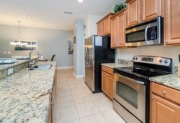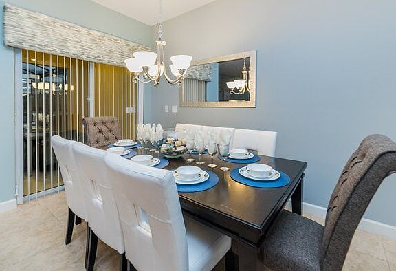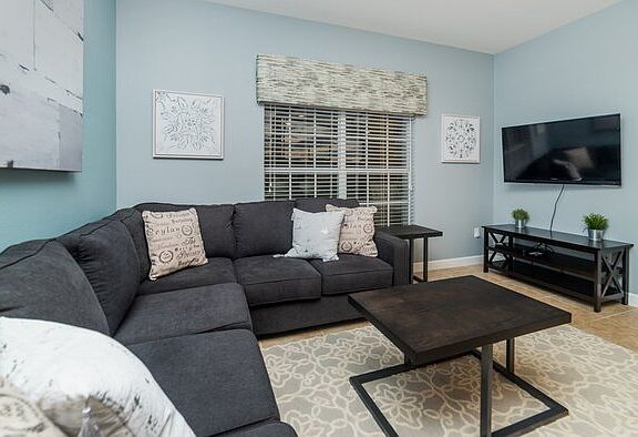 This property is a corporate rental. Please note that the monthly rental price for this property is dynamic and subject to seasonal adjustments. For an accurate quote, provide us with your intended move-in and move-out dates. Paradise Palms Resort Vacation Townhome - includes resort clubhouse amenity access! Our 4 bedroom, 3 bathroom, private vacation townhome is a great option for families wanting a home base to enjoy the best of all that Central Florida has to offer. * Paradise Palms Resort Private Townhome with Splash Pool, Sleeps up to 10 * 4 bedrooms / 3 bathrooms * Private Splash Pool - West Facing * Paradise Palms Resort Gated Community * 5 miles to Disney World property * Fully equipped Kitchen with seating for 8 at the dining table, and additional seating for 4 at the kitchen counter * Pet-Friendly! (with fee, see below)* BEDROOMS (First Floor) - Bedroom 1: One King Bed BEDROOMS (Second Floor) - Bedroom 2: Two Twin Beds - Bedroom 3: Two Double Beds - Master Suite 4: One King Bed / Attached Bathroom A pack\'n\'play and high chair are available for use as well. * This is a pet-friendly home! An additional non-refundable cleaning fee of $150 plus tax will apply when you let us know you\'re bringing your dog. There is a two-dog limit. Pet must be disclosed and the additional fee must be paid prior to arrival. Pool Charges and Information: * There is an additional optional charge of $20 per day plus tax to heat the pool. * Please note that our pools are serviced on a weekly basis. Resort Parking Rules: The resort allows a maximum of 3 cars per townhome. Each townhome has its own numbered parking spaces. You may park on your unit\'s numbered spots or any other unnumbered spots. Paradise Palms Resort Amenity Access Included with Rental: * Massive 5,000 sq. ft. pool * Luxurious hot tub * Exciting water slide * Paradise Palms tiki bar * 50-seat movie theater * State-of-the-art fitness center * Sundry shop * Game room * Internet lounge * Basketball courts * Sand volleyball courts * Lighted tennis courts Distances from Resort to Shopping & Attractions: * Walt Disney World - 5 miles * Universal Studios - 19 miles * SeaWorld - 15 miles * Orlando Airport - 27 miles * Atlantic Coast Beaches - 75+ miles * Gulf Coast Beaches - 92+ miles * Publix Supermarket - 2 miles * Walmart - 3 miles * Dining - 1 mile Why Choose this Rental? * Professionally managed to serve all your needs * Management company has over 26 years of experience hosting well over 200,000 families * Go straight to your rental with online email check-in * 24/7 on-call maintenance * No Resort Fees * Free On-Site Parking * Smoke-free and pet-free for your comfort * Towels and linens are provided * Complimentary WiFi * Additional Rental items Available (e.g., 3 & 4 burner BBQs, cribs, pack-n-plays, strollers, high chairs, etc.) Our Starter Welcome packet supplies: * 2 rolls toilet paper per bathroom * 2 round hotel-size bar soap per bathroom * 1 hotel-size shampoo/conditioner per full bathroom * 1 roll paper towel * 1 packet dishwasher detergent * 2 trash bags size-13-gallon * 1 small box laundry detergent (enough for one load) * Garbage can liners in each bedroom/bathroom small garbage cans * Any supplies beyond this are up to the guest to replenish, we do not restock these items. * No salt/pepper or cleaning supplies are stocked due to safety issues. This is an industry-standard practice. FOR GUESTS WHO BOOK 30 NIGHTS OR LONGER STAYS: (this does not apply if you are staying less than 30 nights) We will collect a $1,500 deposit. Balance is due 60 days prior to arrival If canceled 90 days or more before arrival, we keep with us $250.00. $1,250.00 will be refunded. If canceled between 61 and 89 days prior to arrival, we keep with us the $1,500.00 deposit. No cancellation or modification 60 days or less prior to arrival. Contact us to schedule a showing.
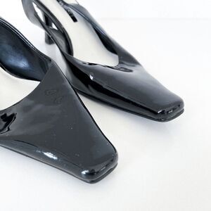 Nine West Womens Patent Leather Square Toe Slingback Heeled Pumps Black Size 6M
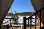 Находится на первой линии. Из окон и с террасы коттеджа открывается прекрасный панорамный вид на озеро и окрестности.

◆ DIRECTIONS
Output nothing but the lines from the one containing "Nine West Womens" to the end of the listing, both ends included, reproduced exactly. Pictures stay out.

◆ ANSWER BOX
 Nine West Womens Patent Leather Square Toe Slingback Heeled Pumps Black Size 6M
 Находится на первой линии. Из окон и с террасы коттеджа открывается прекрасный панорамный вид на озеро и окрестности.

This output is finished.